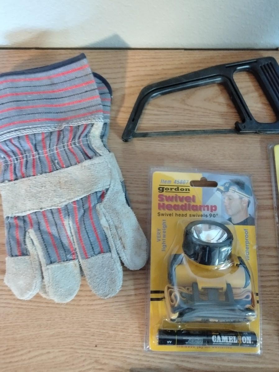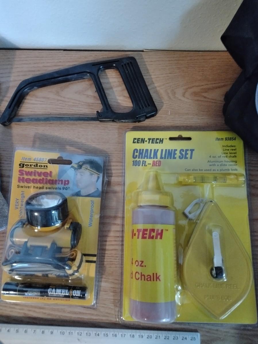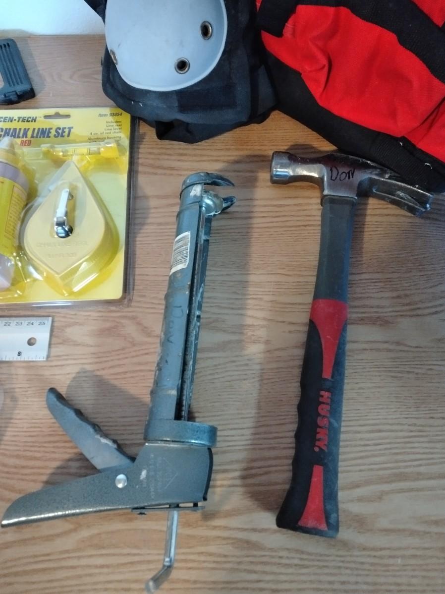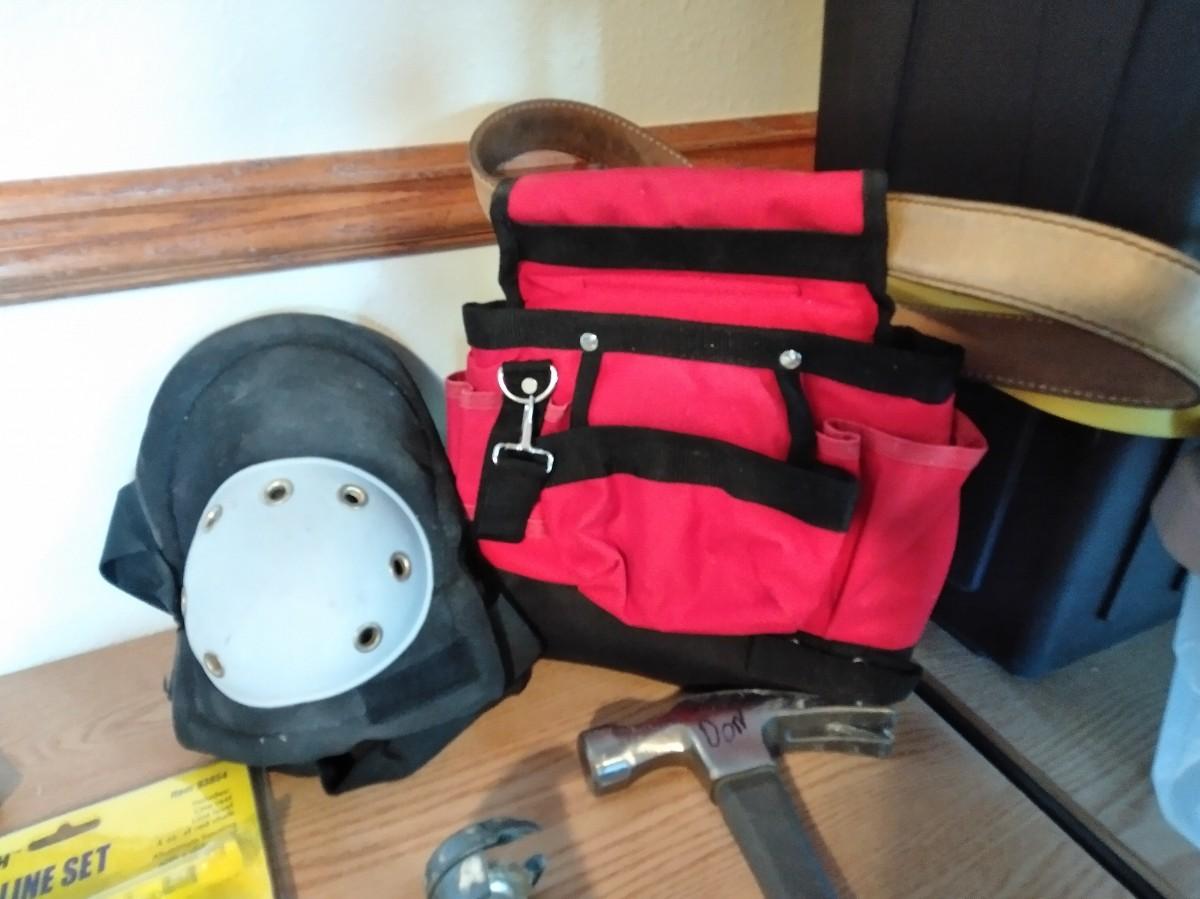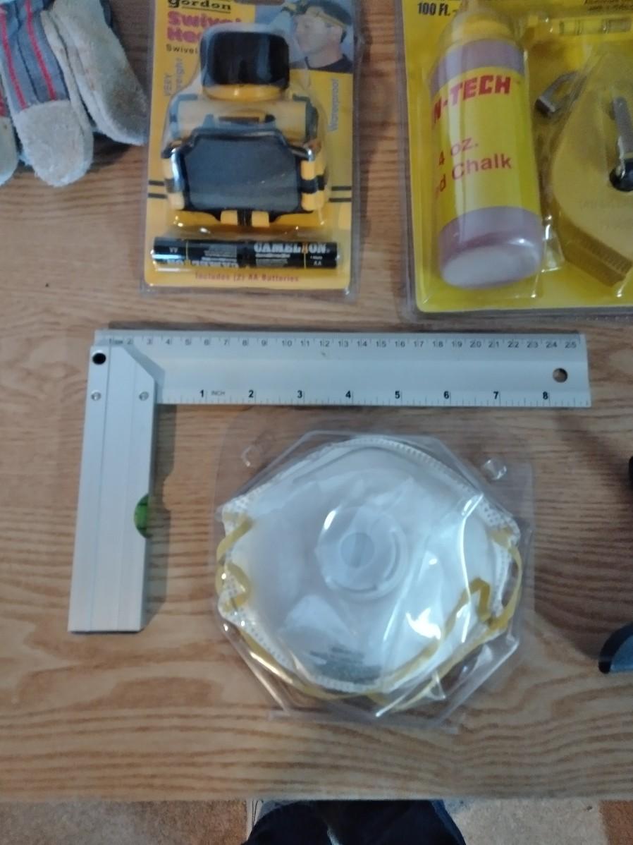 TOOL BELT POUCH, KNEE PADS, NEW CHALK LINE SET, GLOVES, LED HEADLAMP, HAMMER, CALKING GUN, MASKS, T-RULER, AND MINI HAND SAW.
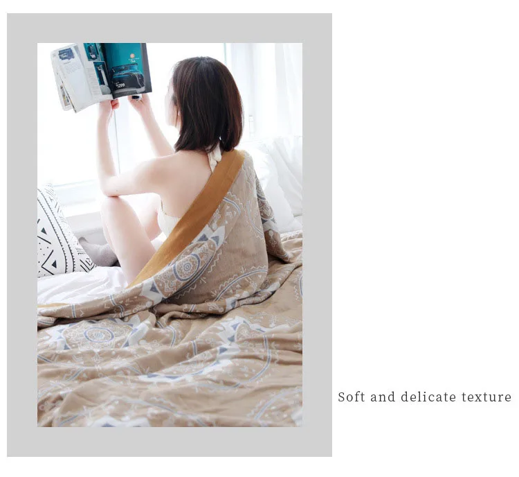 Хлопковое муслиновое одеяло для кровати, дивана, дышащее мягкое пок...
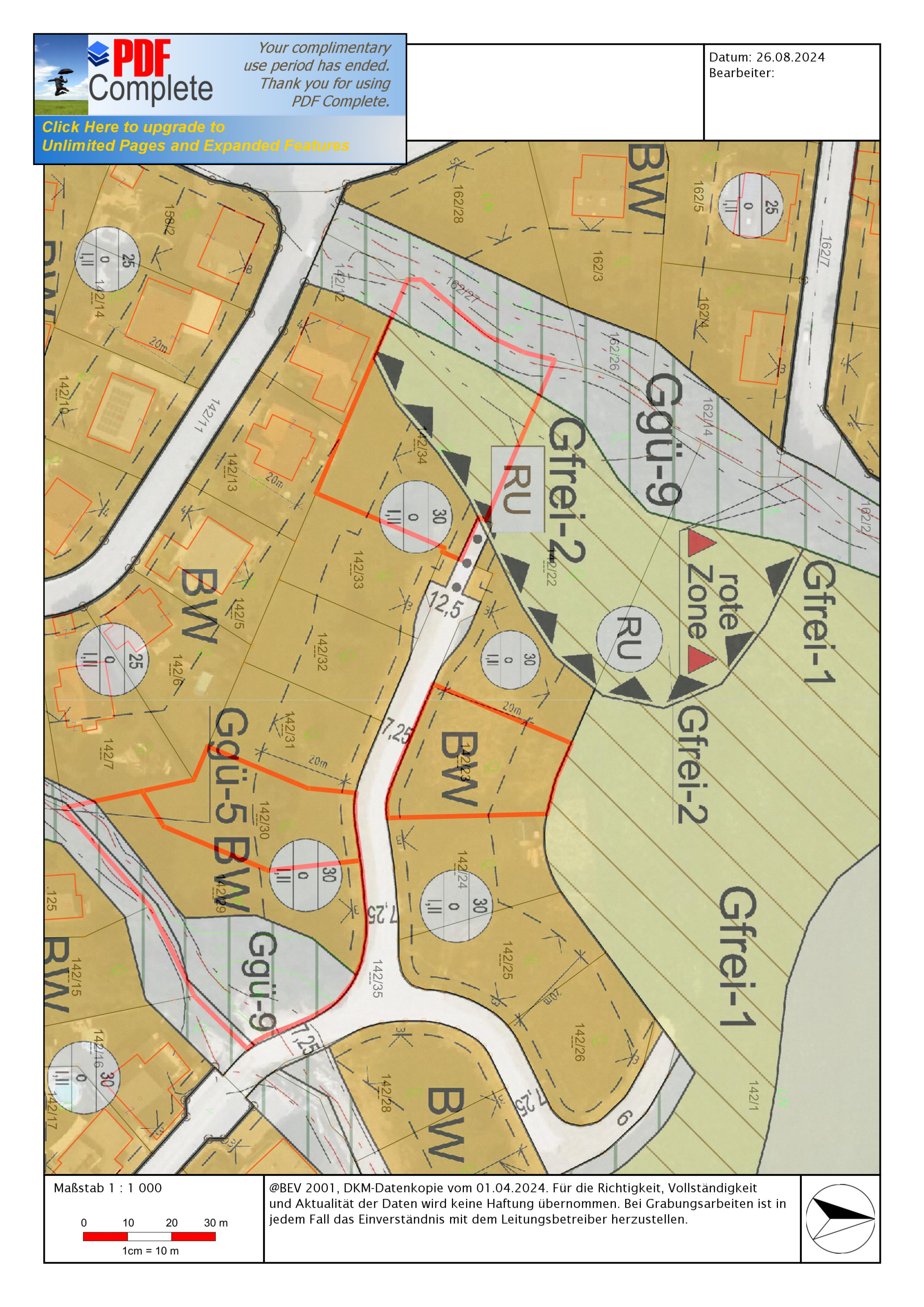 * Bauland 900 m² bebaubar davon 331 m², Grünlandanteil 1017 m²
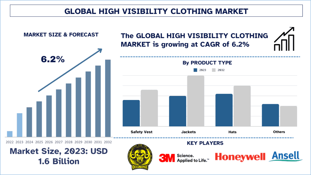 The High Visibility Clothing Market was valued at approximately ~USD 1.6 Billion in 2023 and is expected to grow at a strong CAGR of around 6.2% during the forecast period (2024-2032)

#### Work item
Leaving the pictures behind, return every line above exactly.

#### Solution to this exercise
 TOOL BELT POUCH, KNEE PADS, NEW CHALK LINE SET, GLOVES, LED HEADLAMP, HAMMER, CALKING GUN, MASKS, T-RULER, AND MINI HAND SAW.
 Хлопковое муслиновое одеяло для кровати, дивана, дышащее мягкое пок...
 * Bauland 900 m² bebaubar davon 331 m², Grünlandanteil 1017 m²
 The High Visibility Clothing Market was valued at approximately ~USD 1.6 Billion in 2023 and is expected to grow at a strong CAGR of around 6.2% during the forecast period (2024-2032)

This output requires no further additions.